Never without controversy
They should have won it again, in 2007, when Alonso and Lewis Hamilton were team-mates and finished agonisingly tied in the championship, a single point behind the winner, Kimi Raikkonen of Ferrari.
But although the team scored more points than any other, McLaren were kicked out of the constructors' championship that year - and fined $100m - after being found guilty of benefitting from their illegal possession of reams of Ferrari technical information.
There was another scandal two years later - this time dubbed 'lie-gate' - after Hamilton and sporting director Dave Ryan were found to have misled the stewards at the Australian Grand Prix. This led to a humiliating public apology from Hamilton, and the sack for Ryan.
Until 2012, when Hamilton and team-mate Jenson Button won seven races between them, the victories kept coming, but other than Hamilton's in 2008, the titles dried up - and now the wins have, too.
Triumph and decline
In many ways, their current predicament is nothing surprising. McLaren's F1 history has, like those of many long-term participants, been a cycle of triumph and decline.
Their first decade, following the team's establishment by the New Zealand F1 driver Bruce McLaren was spent building up the team into an increasingly powerful force, a process that continued despite the founder's death in a testing crash in 1970.

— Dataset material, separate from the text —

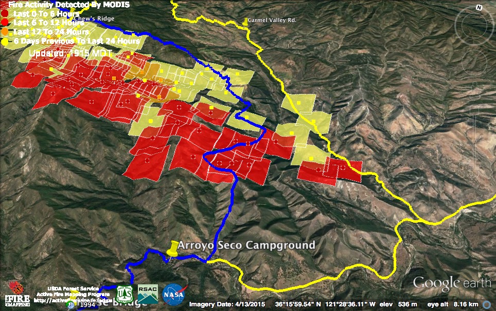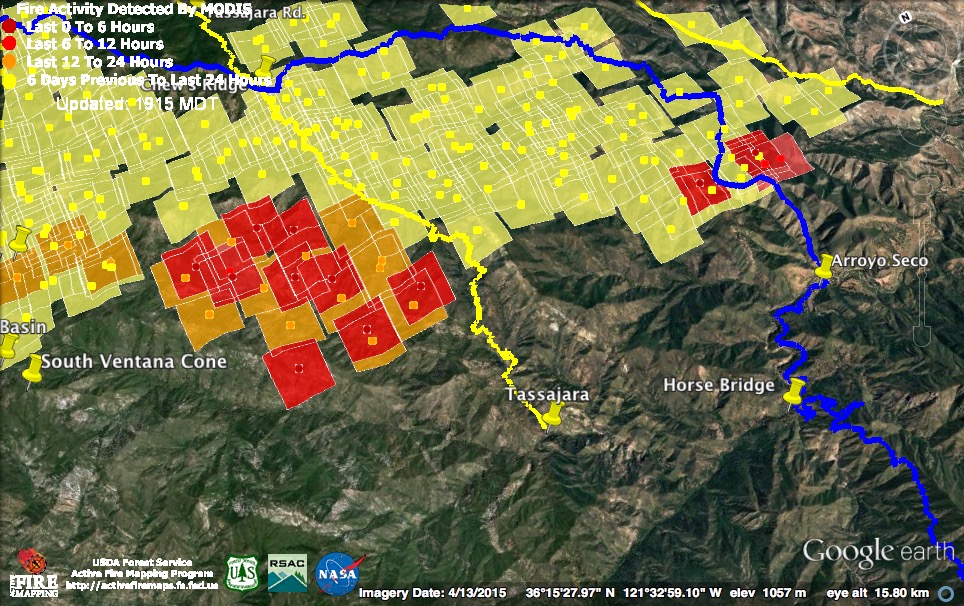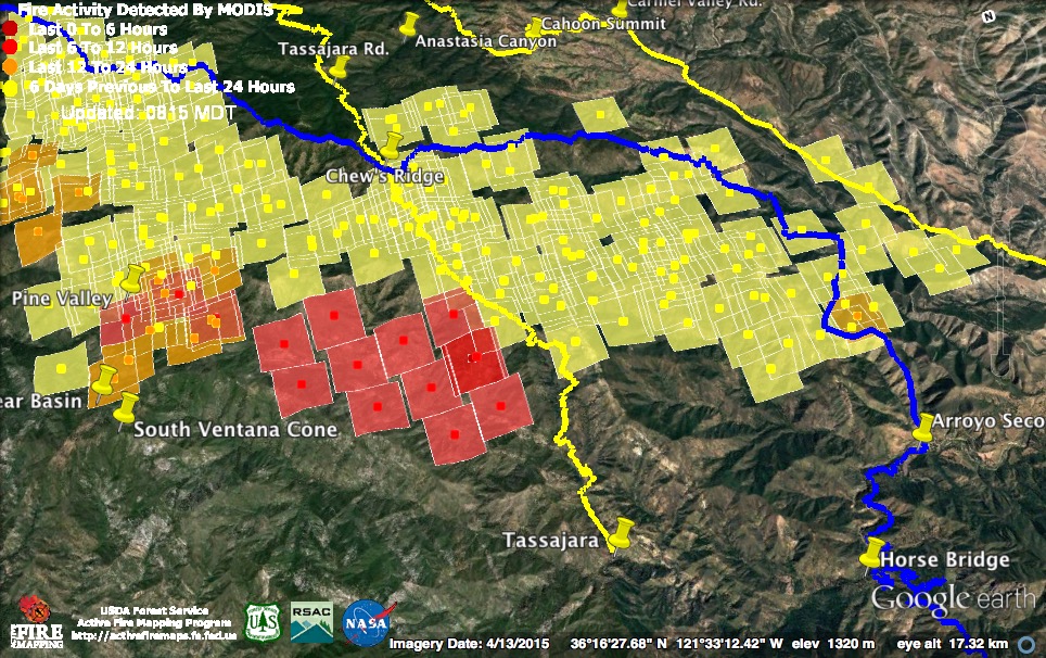 The red squares on the map were acquired at around 12:30 pm and 2:00 pm today. The blue line is the primary containment line (there are multiple contingency lines in the area where fire appears to be spilling over today). The yellow lines are the Tassajara, Carmel Valley and Arroyo Seco roads.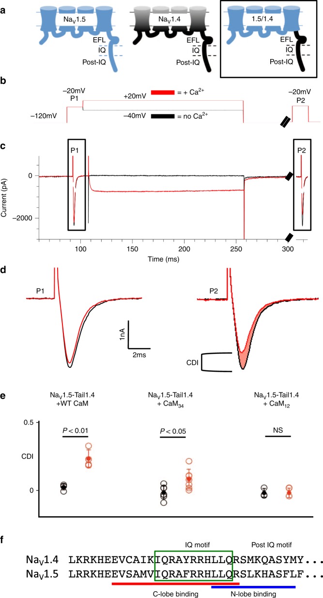 Skeletal muscle voltage-gated Na+ channel (NaV1.4) activity is subject to calmodulin (CaM) mediated Ca2+-dependent inactivation; no such inactivation is observed in the cardiac Na+ channel (NaV1.5). Taken together, the crystal structures of the NaV1.4 C-terminal domain relevant complexes and thermodynamic binding data presented here provide a rationale for this isoform difference. A Ca2+-dependent CaM N-lobe binding site previously identified in NaV1.5 is not present in NaV1.4 allowing the N-lobe to signal other regions of the NaV1.4 channel. Consistent with this mechanism, removing this binding site in NaV1.5 unveils robust Ca2+-dependent inactivation in the previously insensitive isoform. These findings suggest that Ca2+-dependent inactivation is effected by CaM's N-lobe binding outside the NaV C-terminal while CaM's C-lobe remains bound to the NaV C-terminal. As the N-lobe binding motif of NaV1.5 is a mutational hotspot for inherited arrhythmias, the contributions of mutation-induced changes in CDI to arrhythmia generation is an intriguing possibility.

Their maiden title came in 1974, with the Brazilian Emerson Fittipaldi. Another followed two years later, courtesy of James Hunt in his now-famous battle with Ferrari's Niki Lauda.
But then the team began to slip backwards, left behind by the technology of the time. Rather like now.
So alarming was the dip in form that main sponsor Marlboro engineered a coup, bringing on board Ron Dennis, first as co-team boss. He took complete control shortly afterwards and has held it ever since, in one role or another.
Dennis built the team up to its first period of real domination in 1984-5, followed by the Honda era, then a partnership with Mercedes, before stepping back in 2009, only to take back control after the team's disastrous 2013 season.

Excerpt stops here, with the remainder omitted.